Юсупов же пить не стал, а, приподняв бокал, принялся рассматривать его на свет.
– Чевой-то не пьешь? Никак боишься чево? – По лицу Распутина скользнула усмешка. – А ты не боись. Со мной, Феличка, ничего не боись. Ни еды, ни вина. Вино Богом дано для усиления души, – налил себе еще и выпил, причмокнув от удовольствия. – Вино да травы… – откинулся на спинку стула, – они от природы. Через них черпаю ту силу безмерную, которой меня наградил Бог, – сказав это, испытующе взглянул на гостя.
Юсупов пригубил вина.
– Мадера у вас, Григорий Ефимович, отменная. А скажите, государь и наследник эти ваши травы тоже принимают? – Гость положил в рот кусочек шоколада.
«Непрост Феликс, – Распутин прищурился. – Хошь поиграть? Поиграть – это завсегда. Мы, чай, тоже не лыком шиты».
– Принимают. Пошто не принимать? – улыбнулся он простодушно. – Только я велю никому об том не сказывать. Всякий раз твержу: ежели кто из докторов, Боткин, к примеру, узнает об моих средствах, лечению конец, один вред больному будет. Потому они от разговоров берегутся. Оно и верно, – хитро взглянул на Юсупова.
«Ну, пошто молчишь? Испужался? Спрашивай. Чую ж я, спросить хочешь, промежду прочим, каки таки средства потребляют папа с мамой? Осторожничаешь только. Вспугнуть меня боишься. А ты не боись, мил-человек! Глянь, я пред тобой яки агнец Божий. Игра мне с тобой в интерес. Все остальные игры отыгранные. Посему скушные. Ну, не боись, красавчик, спрашивай».
– Какие же средства вы, Григорий Ефимович, предписываете императору и цесаревичу? – Юсупов сделал глоток, поставил бокал и начал покручивать его пальцами.
«Молодец, красавец. Решился-таки. Только пошто это ты нынче такой беспокойный?» – Распутин почесал бороду.
– Каки средства, спрашиваешь? Разные. Смесь, которая милость Божию приносит и благодать. Ведь коли мир в сердце воцарится – все покажется добрым да веселым. Хотя, правду сказать, – Распутин снова поставил перед собой графин с красным вином и обхватил ладонями, – какой он царь? Он дитя Божие. Не зря, скажу тебе, друг милый, царица, да знаешь, небось, картинки рисует развеселые, насмешница этакая, так вот не зря она государя всяк раз дитем изображает на руках у матери.
Заметив напряженное ожидание в глазах гостя, лукаво улыбнулся:
– Да ты, милок, не страдай. Все устроится. Увидишь.
Юсупов глянул вопросительно.
Распутин едва заметно усмехнулся.
«Спроси давай меня, что устроится? Я объясню-вразумлю. А устроится все – точное дело. Как того заслуживаем, так и устроится».
– Что устроится? Как? – Юсупов, оглядев стол, отломил кусочек бисквита.

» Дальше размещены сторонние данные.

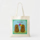 Saco de mão personalizado da Batata Feliz. Duas batatas marrons de desenho animado felizes viradas uma para a outra com grandes sorrisos felizes. Uma está segurando um buquê de flores coloridas. O fundo é um dia claro de verão com céu azul e grama verde. Acima das batatas há um modelo para adicionar seu nome ou mensagem.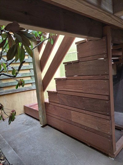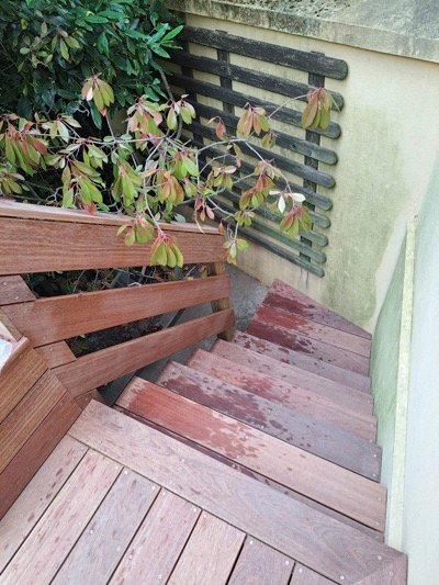 Voici, vus du dessous, les habillages de rive de notre escalier en Cumaru.

– Что устроится, спрашиваешь? – Распутин помолчал. – Хватит войны. Хва-тит. Что, немцы не братья нам? – Заметив удивление на лице Юсупова, пояснил: – Еще Исус учил: возлюби врага, как родного брата, – хитро посмотрев на гостя, зачерпнул ложкой варенье из вазочки. – Война скоро кончится, – съел варенье и, облизав ложку, бросил ее на стол. – Че смотришь? Никак о придумке французской вспомнил, что вино надобно сыром закусывать? Не-ет, милок. Коли сладенькое сладеньким закусишь – во рту горько станется. Не замечал? А ты, милок, замечай. Все замечай. Польза будет. И с людьми так. Берегись сладеньких-то! Иначе ох как горько будет! – Он обтер ладонью рот. – А про войну… Скоро покончим… Александру царицей объявим… до совершеннолетия наследника. А Николашу в Ливадию отправим. Дюже он устал. Пущай отдыхает. Фотограшки делает. Любит он, понимашь, это дело, – Распутин провел рукой по волосам. – Царица же баба умная. За то ее народ и не любит, – он почесал бороду, с удовольствием наблюдая за выражением лица Юсупова.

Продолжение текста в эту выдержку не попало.